─── Available data
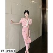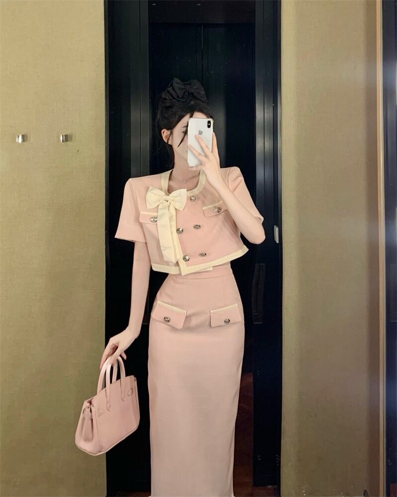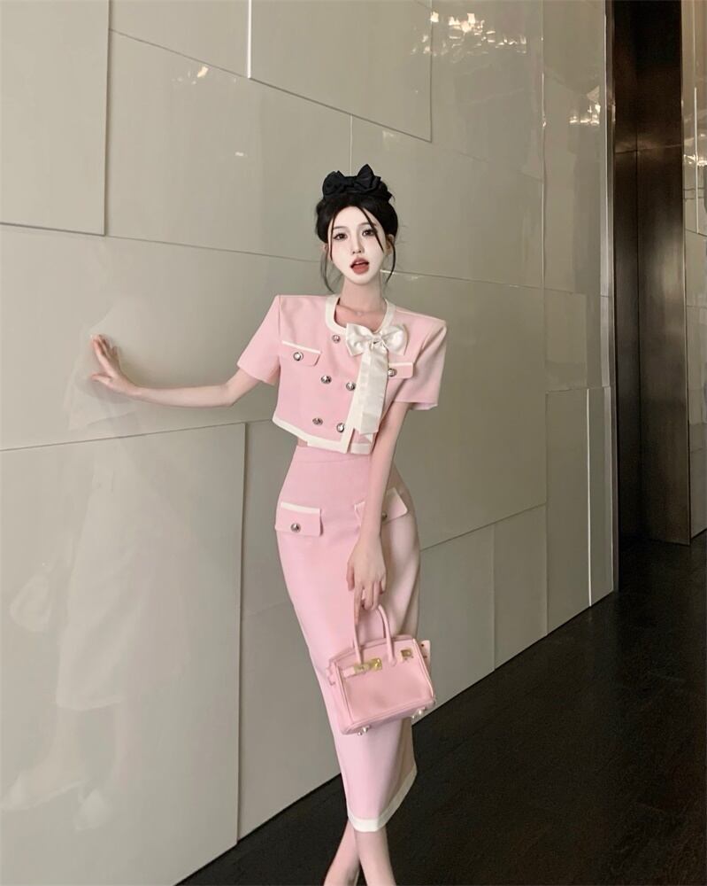 スウィートガールスーツレディース半袖コントラストボウコートウエストバックスプリットスカートツーピースセット服 リボン 大人ガーリー キュート カジュアル
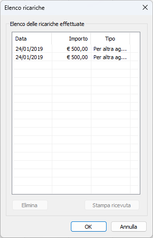 - Ricarica: selezionare un importo o inserirne uno da tastiera nel menu a discesa accanto e premere questo tasto per effettuare una ricarica per l'agenzia selezionata.
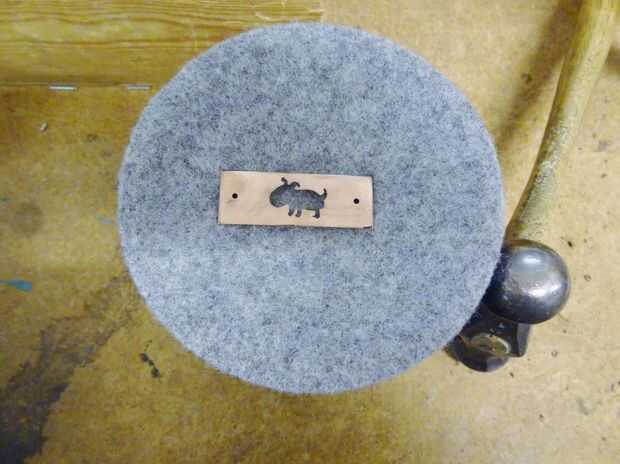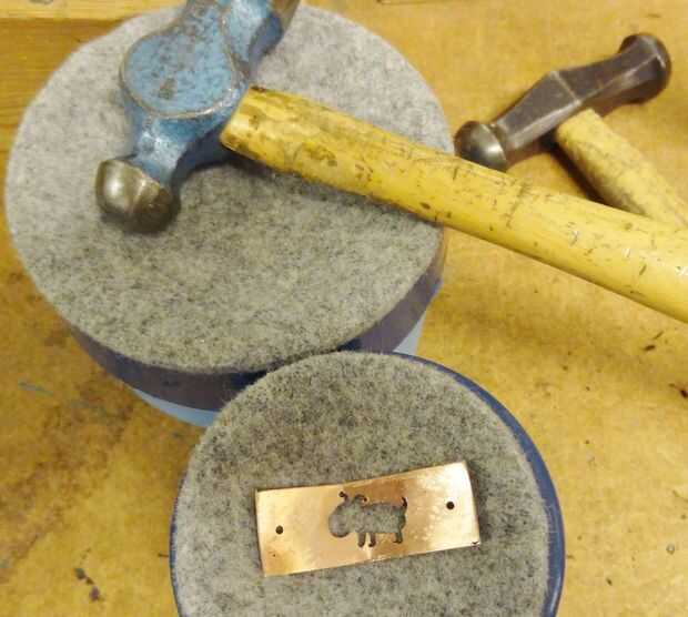 el cobre con las manos pero eso no fue suficiente para el curviture de la pulsera. He utilizado un martillo de pin ball y la herramienta en la foto de arriba me siento yo no sé el nombre y no lo encuentras en la web. Si usted ayudará me sienta por favor libre; ) También se puede utilizar una depresión en un bloque de madera.
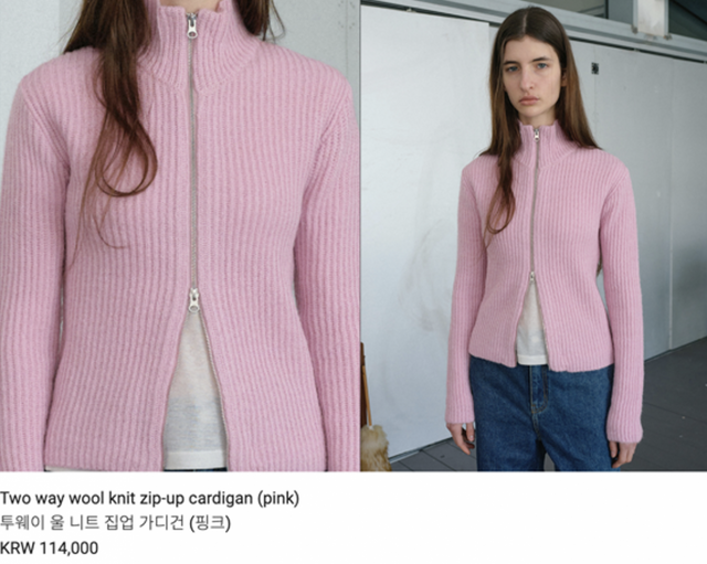 사랑스러운 핑크 컬러와 몸에 딱 맞는 실루엣의 하이넥 니트 집업.
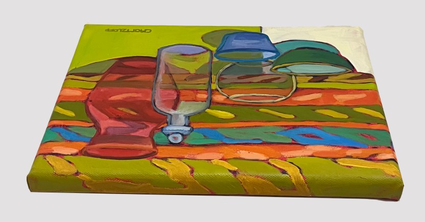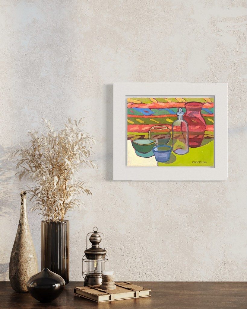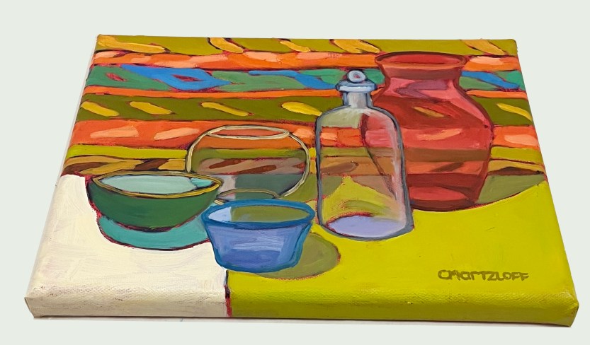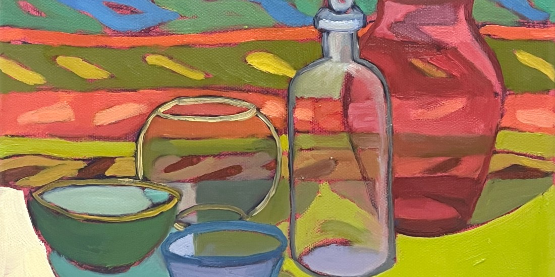 Painting often restores my memory around feelings of wonder, joy and the magic of life. Looking at artwork can illicit the same type of experience in me. When it came to creating this painting, those experiences and sensations came to life. The deep red vase, the emerald green bowl, and the cobalt blue pinch bowl became my tools for recreating this magic, each hue contributing to a vibrant, layered composition. The vintage apothecary bottle adds a sense of time and nostalgia, while a simple round glass bowl brings back memories of my daughter’s first pet, Goldie the goldfish—symbols of both history and personal moments.
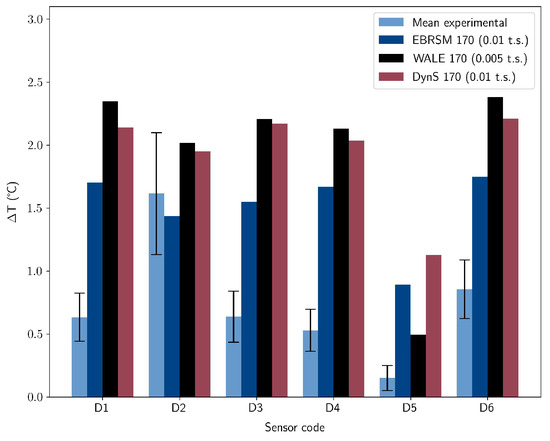 Comparison of mean experimental ΔT with those predicted by the Dynamic Smagorinsky, WALE and EBRSM 170 million cell mesh models (t. s. = time step).
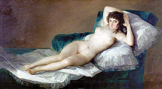18세기 말~19세기 초 스페인을 대표하는 화가 프란시스코 고야(1746~1828)의 ‘옷 벗은 마하’도 그런 남성이 바라본 여성 누드상의 전형이다. 당시 총리였던 고도이가 자기 방에 걸어 놓고 은밀히 감상하기 위해 주문한 이 작품은 관능성이라는 왜곡된 시각으로 바라본 여성상이다. 이 작품을 볼 수 있는 ‘특권’을 지닌 사람은 그와 아주 절친한 소수의 남자들뿐이었다고 한다. 다만 이 작품은 신화의 가면을 벗고 세속의 여인을 적나라하게 그린 최초의 누드상이라는 점에서 나름 의미를 갖는다.
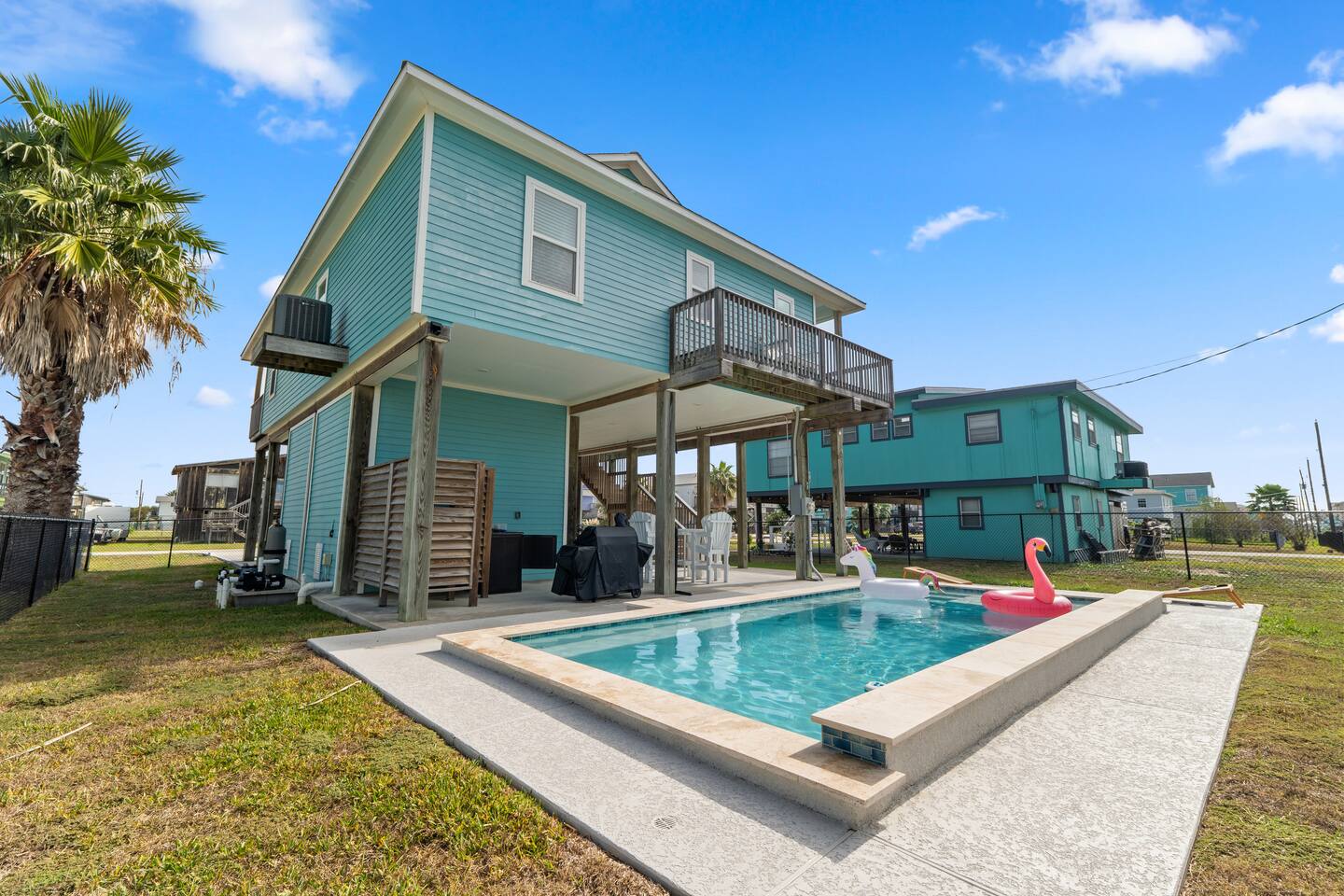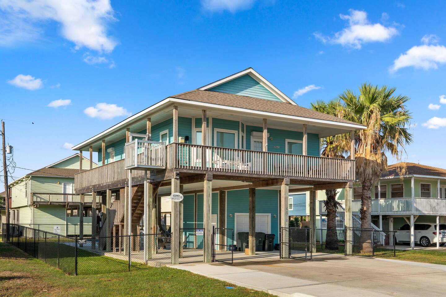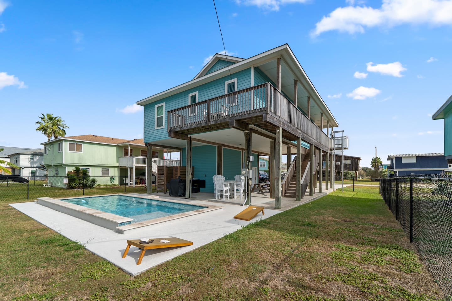 At Last!! is an elevated coastal home in Galveston’s peaceful Sea Isle neighborhood. Designed for comfort and easy beach living, it offers indoor-outdoor space, a private pool, and room for families or groups to spread out.
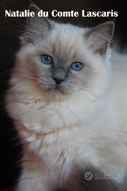 Disponibili dal 14 marzo, presso allevamento amatoriale "du Comte Lascaris" a Sanremo tre stupendi cuccioli di 3 mesi di razza RAGDOLL (avranno pedigree ANFI) Sono nati il 27 novembre 2025 e saranno ceduti dopo aver compiuto tre mesi. Da grandi saranno belli come mamma GENESIS (champion WCF) e papà HIBI (World champion WCF) tutte le info con Whatsapp al numero 3392090927 NENA. E' anche possibile vederli dal vivo in videochiamata... (i nostri gatti sono di razza RAGDOLL diversi dai MAINE COON, dai PERSIANI, dai SACRI DI BIRMANIA. Non alleviamo altre razze)
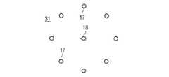 図5は、例として中心束18と、合計8つの像視野周縁部にわたって均一に分布し、それによって全像視野を制限する光束17用の、しかも左(図5a)もしくは右(図5b)の観察通路用の角膜31上の光束横断面を示す。FIG. 5 shows by way of example a
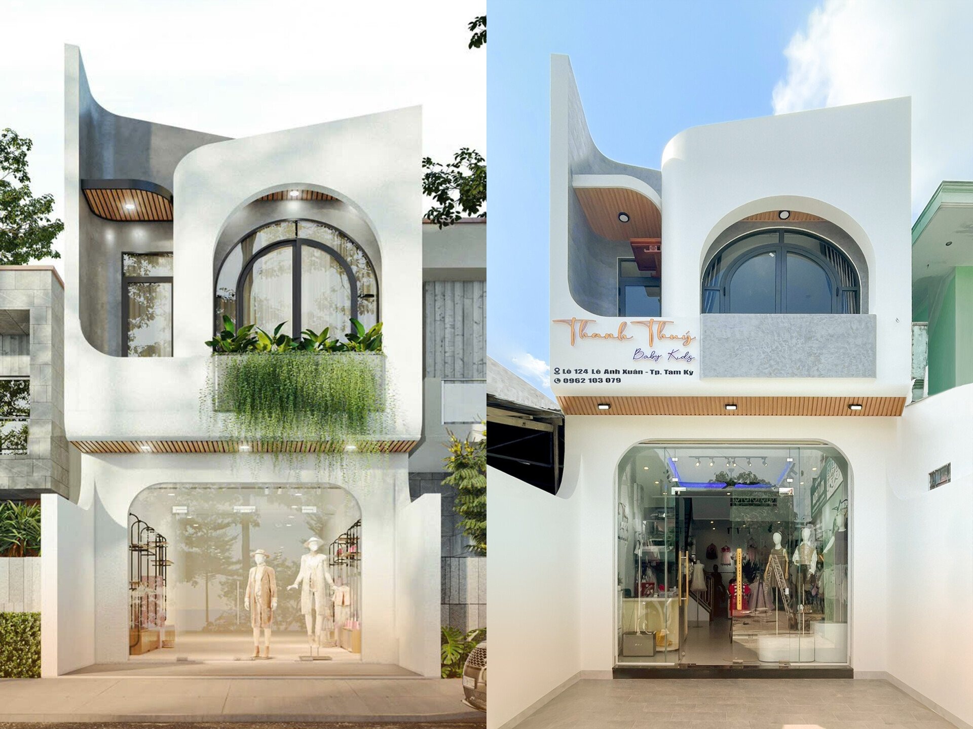 Với thiết kế hiện đại mang gam màu trắng sáng kết hợp màu gỗ tự nhiên. Tầng 1 là shop quần áo trẻ em. Trên lầu là khu vực sinh hoạt chung của gia đình. Căn bếp được thiết kế lệch tầng, tối giản mang một cảm giác ấm cúng và đẹp mắt. Các không gian được kết nối một cách hài hòa, gia chủ có thể nhìn toàn cảnh shop trong lúc ăn uống ở tầng trên. Căn nhà gồm 3 phòng ngủ, 2 WC, 1 phòng thờ và một khu vườn nhỏ sau nhà. Mỗi phòng là mỗi layout được bố trí rất khéo và đầy đủ công năng. Một mẫu nhà đang được được rất nhiều người ưa chuộng!
──────
What you are asked to do ::
Return the listing above verbatim and exclude every picture.

Answer to the problem ::
 スウィートガールスーツレディース半袖コントラストボウコートウエストバックスプリットスカートツーピースセット服 リボン 大人ガーリー キュート カジュアル
 - Ricarica: selezionare un importo o inserirne uno da tastiera nel menu a discesa accanto e premere questo tasto per effettuare una ricarica per l'agenzia selezionata.
 el cobre con las manos pero eso no fue suficiente para el curviture de la pulsera. He utilizado un martillo de pin ball y la herramienta en la foto de arriba me siento yo no sé el nombre y no lo encuentras en la web. Si usted ayudará me sienta por favor libre; ) También se puede utilizar una depresión en un bloque de madera.
 사랑스러운 핑크 컬러와 몸에 딱 맞는 실루엣의 하이넥 니트 집업.
 Painting often restores my memory around feelings of wonder, joy and the magic of life. Looking at artwork can illicit the same type of experience in me. When it came to creating this painting, those experiences and sensations came to life. The deep red vase, the emerald green bowl, and the cobalt blue pinch bowl became my tools for recreating this magic, each hue contributing to a vibrant, layered composition. The vintage apothecary bottle adds a sense of time and nostalgia, while a simple round glass bowl brings back memories of my daughter’s first pet, Goldie the goldfish—symbols of both history and personal moments.
 Comparison of mean experimental ΔT with those predicted by the Dynamic Smagorinsky, WALE and EBRSM 170 million cell mesh models (t. s. = time step).
18세기 말~19세기 초 스페인을 대표하는 화가 프란시스코 고야(1746~1828)의 ‘옷 벗은 마하’도 그런 남성이 바라본 여성 누드상의 전형이다. 당시 총리였던 고도이가 자기 방에 걸어 놓고 은밀히 감상하기 위해 주문한 이 작품은 관능성이라는 왜곡된 시각으로 바라본 여성상이다. 이 작품을 볼 수 있는 ‘특권’을 지닌 사람은 그와 아주 절친한 소수의 남자들뿐이었다고 한다. 다만 이 작품은 신화의 가면을 벗고 세속의 여인을 적나라하게 그린 최초의 누드상이라는 점에서 나름 의미를 갖는다.
 At Last!! is an elevated coastal home in Galveston’s peaceful Sea Isle neighborhood. Designed for comfort and easy beach living, it offers indoor-outdoor space, a private pool, and room for families or groups to spread out.
 Disponibili dal 14 marzo, presso allevamento amatoriale "du Comte Lascaris" a Sanremo tre stupendi cuccioli di 3 mesi di razza RAGDOLL (avranno pedigree ANFI) Sono nati il 27 novembre 2025 e saranno ceduti dopo aver compiuto tre mesi. Da grandi saranno belli come mamma GENESIS (champion WCF) e papà HIBI (World champion WCF) tutte le info con Whatsapp al numero 3392090927 NENA. E' anche possibile vederli dal vivo in videochiamata... (i nostri gatti sono di razza RAGDOLL diversi dai MAINE COON, dai PERSIANI, dai SACRI DI BIRMANIA. Non alleviamo altre razze)
 図5は、例として中心束18と、合計8つの像視野周縁部にわたって均一に分布し、それによって全像視野を制限する光束17用の、しかも左(図5a)もしくは右(図5b)の観察通路用の角膜31上の光束横断面を示す。FIG. 5 shows by way of example a
 Với thiết kế hiện đại mang gam màu trắng sáng kết hợp màu gỗ tự nhiên. Tầng 1 là shop quần áo trẻ em. Trên lầu là khu vực sinh hoạt chung của gia đình. Căn bếp được thiết kế lệch tầng, tối giản mang một cảm giác ấm cúng và đẹp mắt. Các không gian được kết nối một cách hài hòa, gia chủ có thể nhìn toàn cảnh shop trong lúc ăn uống ở tầng trên. Căn nhà gồm 3 phòng ngủ, 2 WC, 1 phòng thờ và một khu vườn nhỏ sau nhà. Mỗi phòng là mỗi layout được bố trí rất khéo và đầy đủ công năng. Một mẫu nhà đang được được rất nhiều người ưa chuộng!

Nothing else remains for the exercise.